## YOUR GOAL
Go through the records and transcribe them exactly, passing over any picture.

=== Section Start ===

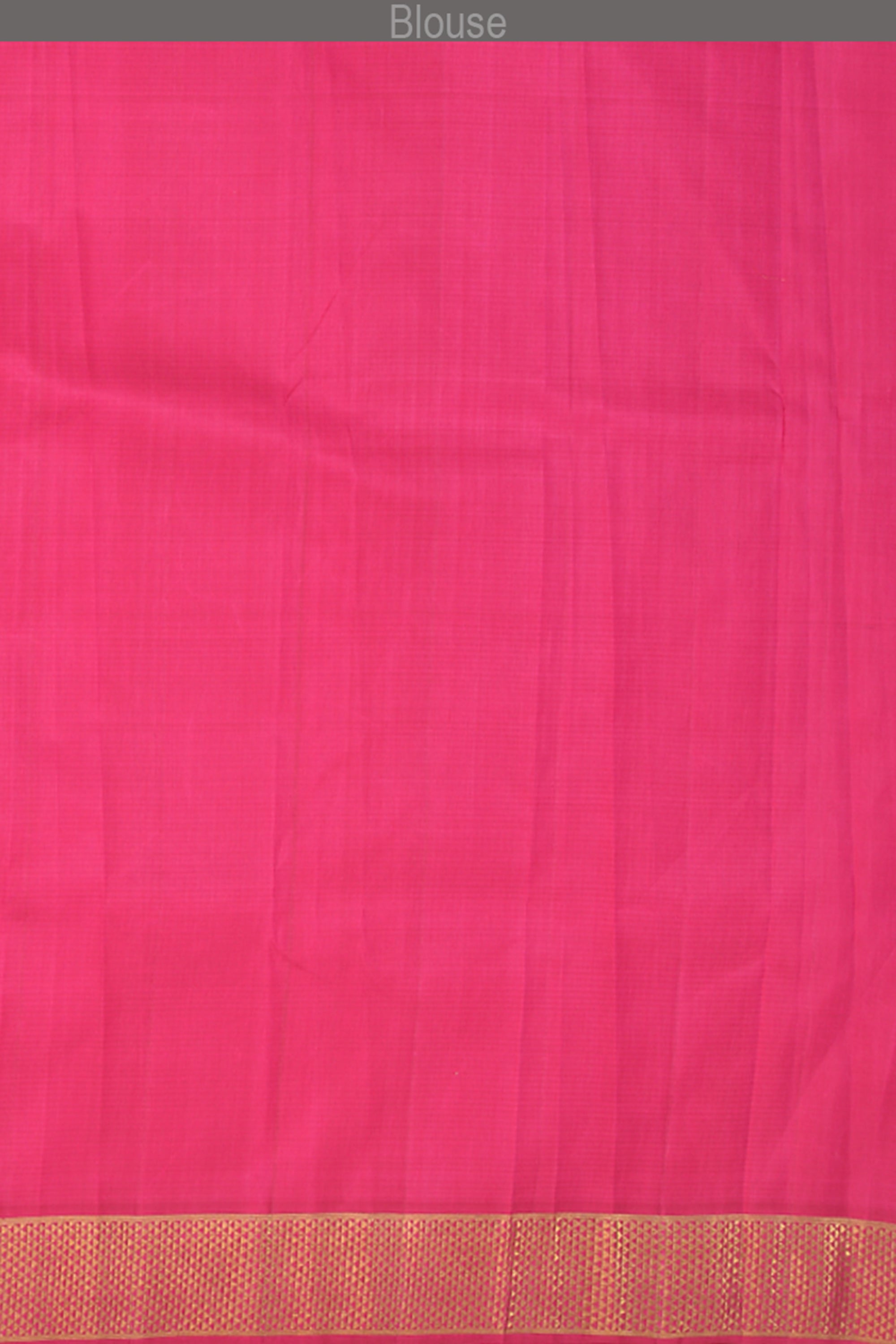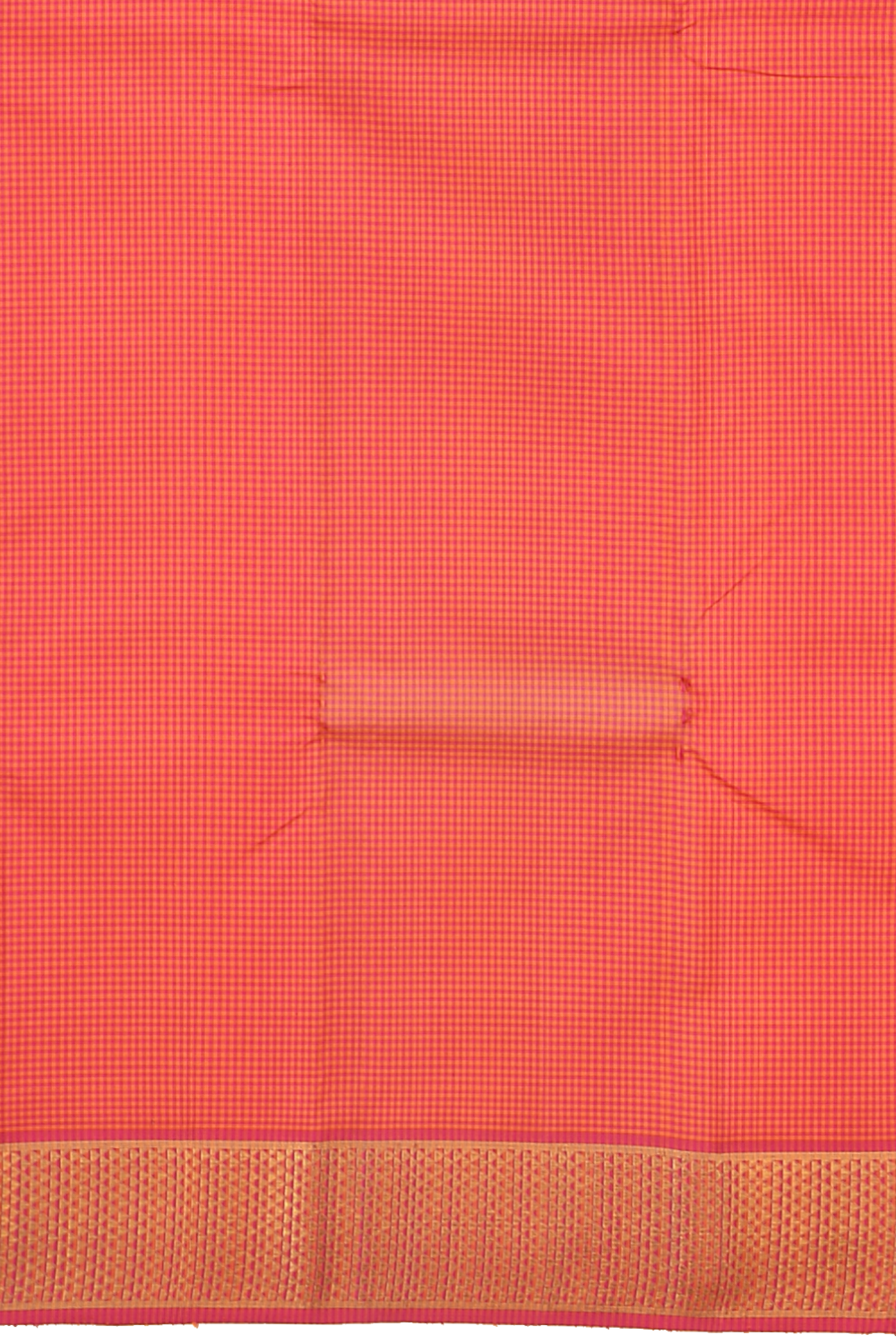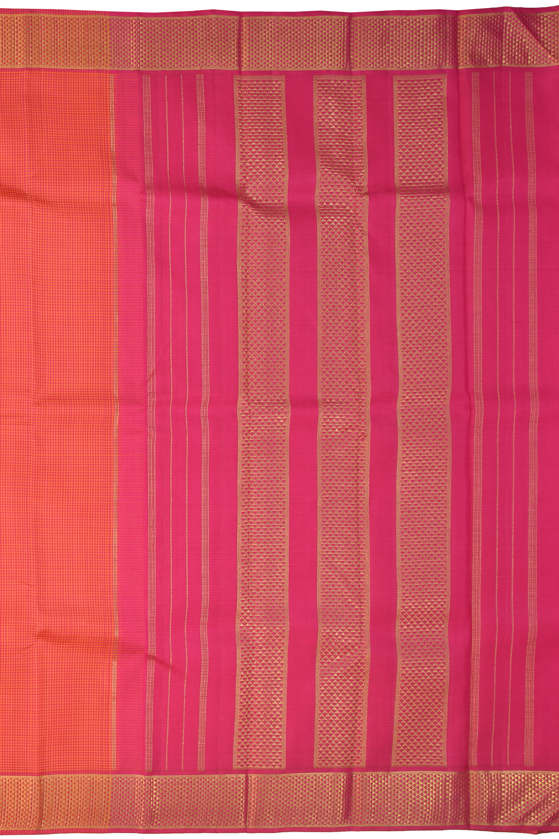 The Podi Kattam checks body intertwines with the Mayil Kan design on the border. The saree gracefully concludes with a Pink pallu adorned with the Mayil Kan border, further enhanced with Seer Mundhi designs.
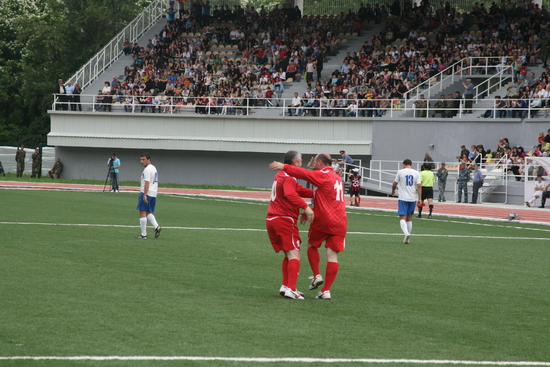 попал на открытие стадиона в Цхинвале, названного в честь Гурама Цховребова. стадион маленький, пятитысячник, но очень уютный, в окружении зелени. отстроен за счет Алишера Усманова. было официальное открытие, потом матч "сборных Южной Осетии и Абхазии", а потом продолжительный концерт. понятно, что звездой открытия был Кокойты, его было очень много. не знаю, может цхинвальцы скаучают по своему президенту, но по мне его было чересчур много. не знаю сколько раз он брал в руки микрофон, но столько говорить невозможно... одно лишь награждение после матча всех и всем длилось наверно почти час, как это возможно? в общем, Эдуард Кокойты устроил себе отличную пиар-компанию, не приложив к этому никаких усилий. порадовало другое - абсолютно свободная открытая атмосфера, никаких проверок при входе на стадион, да и на стадионе никаких ограничений передвижения, ни журналистам ни простым людям. не успел закончитсья матч, как на стадион повалили дети гонять мяч. Кокойты был абсолютно доступен, но я не знаю у кого могло возникнуть желание взять у него интервью после того как он час сотрясал воздух над стадионом своими пафосными речами. дальше фотографии, с небольшими комменатриями.
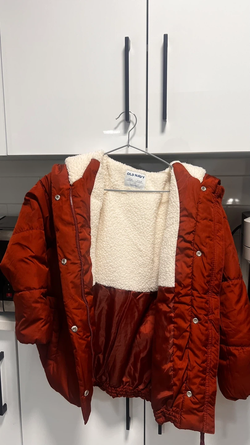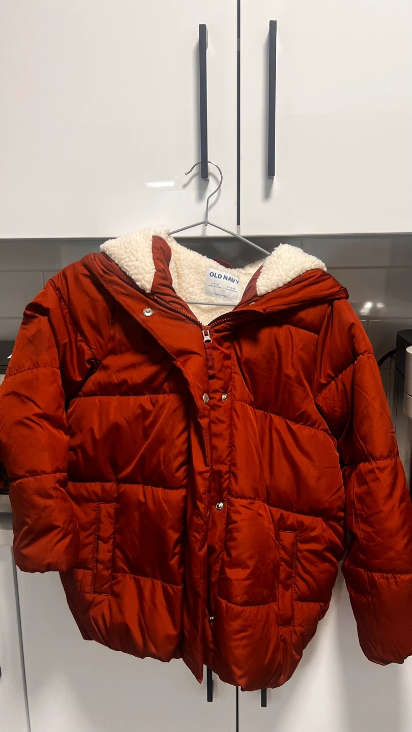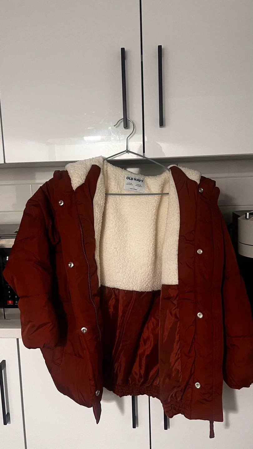 Cozy Old Navy puffer jacket, perfect for keeping warm! It's a size L (10-12) and features a sherpa-lined hood. The colour is a lovely reddish-brown. It's water-resistant too!
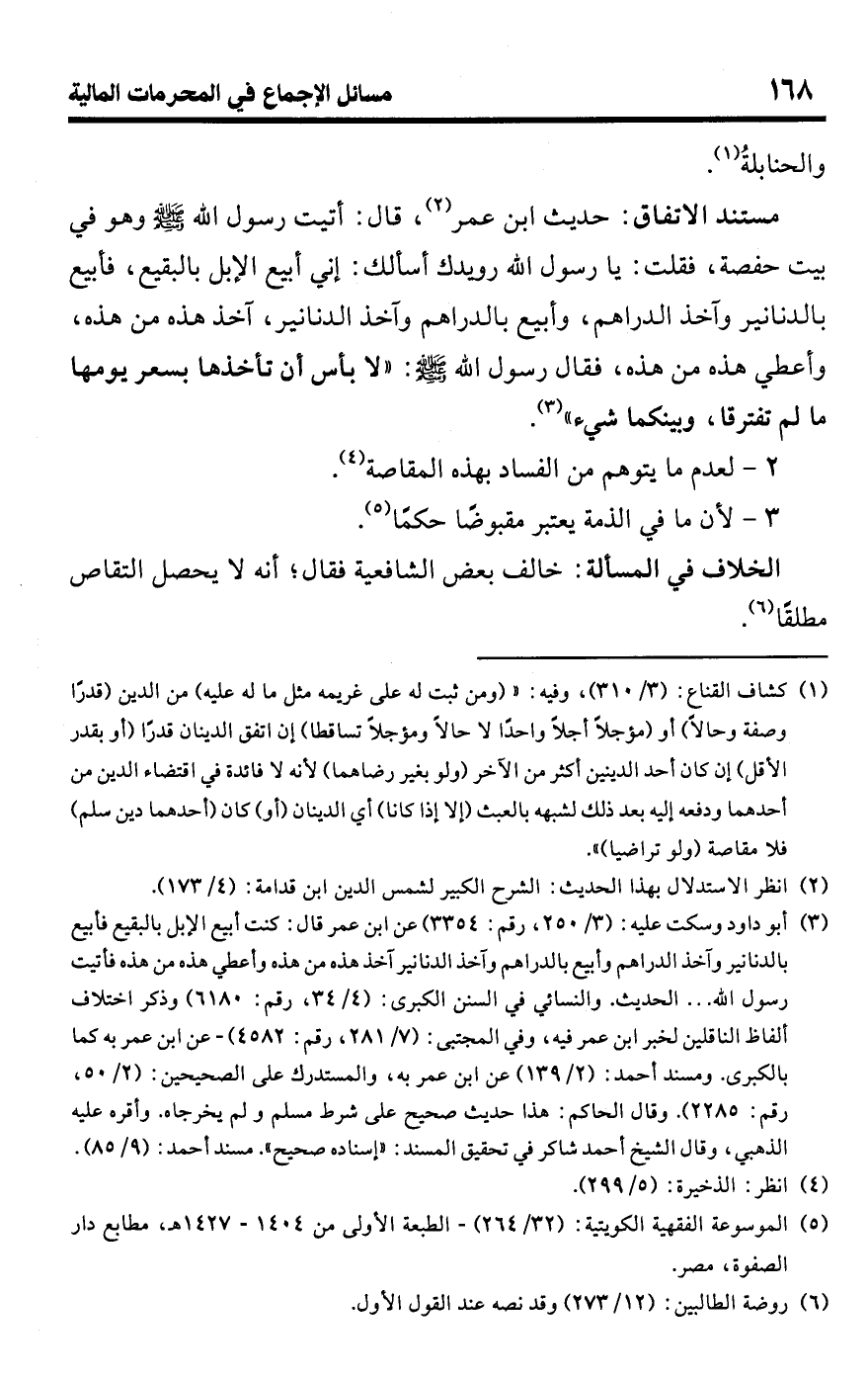 (¬3) أبو داود وسكت عليه: (3/ 250، رقم: 3354) عن ابن عمر قال: كنت أبيع الإبل بالبقيع فأبيع بالدنانير وآخذ الدراهم وأبيع بالدراهم وآخذ الدنانير آخذ هذه من هذه وأعطي هذه من هذه فأتيت رسول اللَّه. . . الحديث. والنسائي فى السنن الكبرى: (4/ 34، رقم: 6180) وذكر اختلاف ألفاظ الناقلين لخبر ابن عمر فيه، وفي المجتبى: (7/ 281، رقم: 4582) - عن ابن عمر به كما بالكبرى. ومسند أحمد: (2/ 139) عن ابن عمر به، والمستدرك على الصحيحين: (2/ 50، رقم: 2285). وقال الحاكم: هذا حديث صحيح على شرط مسلم ولم يخرجاه. وأقره عليه الذهبي، وقال الشيخ أحمد شاكر في تحقيق المسند: "إسناده صحيح". مسند أحمد: (9/ 85).
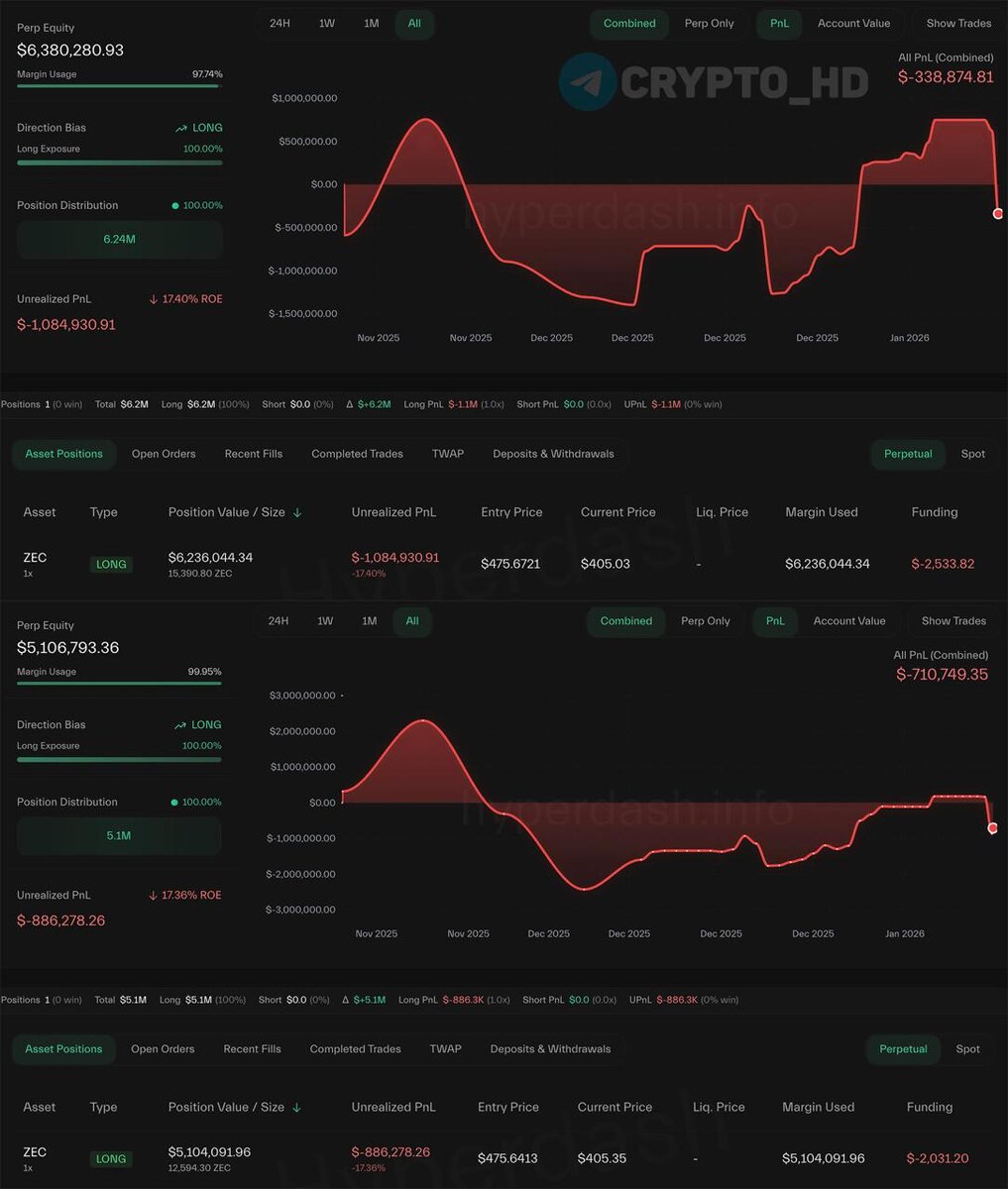 ΠΡΠ΅ΡΠ° Π΄Π²Π° ΠΊΠΈΡΠ° (Π²Π΅ΡΠΎΡΡΠ½ΠΎ, ΠΎΠ΄ΠΈΠ½ ΠΈ ΡΠΎΡ ΠΆΠ΅ ΡΡΠ΅ΠΉΠ΄Π΅Ρ) Π·Π°Π»Π΅ΡΠ΅Π»ΠΈ Π² Π»ΠΎΠ½Π³ΠΈ ΠΏΠΎ #ZEC Π½Π° $11,000,000. Π Π΅Π·ΡΠ»ΡΡΠ°Ρ β ΡΠ΅ΠΉΡΠ°Ρ ΠΌΠΈΠ½ΡΡ ΠΏΠΎ ΡΡΠΈΠΌ ΠΏΠΎΠ·ΠΈΡΠΈΡΠΌ ΡΠΎΡΡΠ°Π²Π»ΡΠ΅Ρ ΠΏΠΎΡΡΠΈ $2,000,000. Zcash -23% Π·Π° ΡΡΡΠΊΠΈ. ΠΠΎΡΠ΅Π»ΡΠΊΠΈ: 1, 2 Π Π°Π½Π΅Π΅: ΡΠ°ΡΠΊΠΎΠ» Π² ΠΊΠΎΠΌΠ°Π½Π΄Π΅ Crypto Headlines

=== Section End ===

## SOLUTION FOR THIS EXERCISE
 The Podi Kattam checks body intertwines with the Mayil Kan design on the border. The saree gracefully concludes with a Pink pallu adorned with the Mayil Kan border, further enhanced with Seer Mundhi designs.
 попал на открытие стадиона в Цхинвале, названного в честь Гурама Цховребова. стадион маленький, пятитысячник, но очень уютный, в окружении зелени. отстроен за счет Алишера Усманова. было официальное открытие, потом матч "сборных Южной Осетии и Абхазии", а потом продолжительный концерт. понятно, что звездой открытия был Кокойты, его было очень много. не знаю, может цхинвальцы скаучают по своему президенту, но по мне его было чересчур много. не знаю сколько раз он брал в руки микрофон, но столько говорить невозможно... одно лишь награждение после матча всех и всем длилось наверно почти час, как это возможно? в общем, Эдуард Кокойты устроил себе отличную пиар-компанию, не приложив к этому никаких усилий. порадовало другое - абсолютно свободная открытая атмосфера, никаких проверок при входе на стадион, да и на стадионе никаких ограничений передвижения, ни журналистам ни простым людям. не успел закончитсья матч, как на стадион повалили дети гонять мяч. Кокойты был абсолютно доступен, но я не знаю у кого могло возникнуть желание взять у него интервью после того как он час сотрясал воздух над стадионом своими пафосными речами. дальше фотографии, с небольшими комменатриями.
 Cozy Old Navy puffer jacket, perfect for keeping warm! It's a size L (10-12) and features a sherpa-lined hood. The colour is a lovely reddish-brown. It's water-resistant too!
 (¬3) أبو داود وسكت عليه: (3/ 250، رقم: 3354) عن ابن عمر قال: كنت أبيع الإبل بالبقيع فأبيع بالدنانير وآخذ الدراهم وأبيع بالدراهم وآخذ الدنانير آخذ هذه من هذه وأعطي هذه من هذه فأتيت رسول اللَّه. . . الحديث. والنسائي فى السنن الكبرى: (4/ 34، رقم: 6180) وذكر اختلاف ألفاظ الناقلين لخبر ابن عمر فيه، وفي المجتبى: (7/ 281، رقم: 4582) - عن ابن عمر به كما بالكبرى. ومسند أحمد: (2/ 139) عن ابن عمر به، والمستدرك على الصحيحين: (2/ 50، رقم: 2285). وقال الحاكم: هذا حديث صحيح على شرط مسلم ولم يخرجاه. وأقره عليه الذهبي، وقال الشيخ أحمد شاكر في تحقيق المسند: "إسناده صحيح". مسند أحمد: (9/ 85).
 ΠΡΠ΅ΡΠ° Π΄Π²Π° ΠΊΠΈΡΠ° (Π²Π΅ΡΠΎΡΡΠ½ΠΎ, ΠΎΠ΄ΠΈΠ½ ΠΈ ΡΠΎΡ ΠΆΠ΅ ΡΡΠ΅ΠΉΠ΄Π΅Ρ) Π·Π°Π»Π΅ΡΠ΅Π»ΠΈ Π² Π»ΠΎΠ½Π³ΠΈ ΠΏΠΎ #ZEC Π½Π° $11,000,000. Π Π΅Π·ΡΠ»ΡΡΠ°Ρ β ΡΠ΅ΠΉΡΠ°Ρ ΠΌΠΈΠ½ΡΡ ΠΏΠΎ ΡΡΠΈΠΌ ΠΏΠΎΠ·ΠΈΡΠΈΡΠΌ ΡΠΎΡΡΠ°Π²Π»ΡΠ΅Ρ ΠΏΠΎΡΡΠΈ $2,000,000. Zcash -23% Π·Π° ΡΡΡΠΊΠΈ. ΠΠΎΡΠ΅Π»ΡΠΊΠΈ: 1, 2 Π Π°Π½Π΅Π΅: ΡΠ°ΡΠΊΠΎΠ» Π² ΠΊΠΎΠΌΠ°Π½Π΄Π΅ Crypto Headlines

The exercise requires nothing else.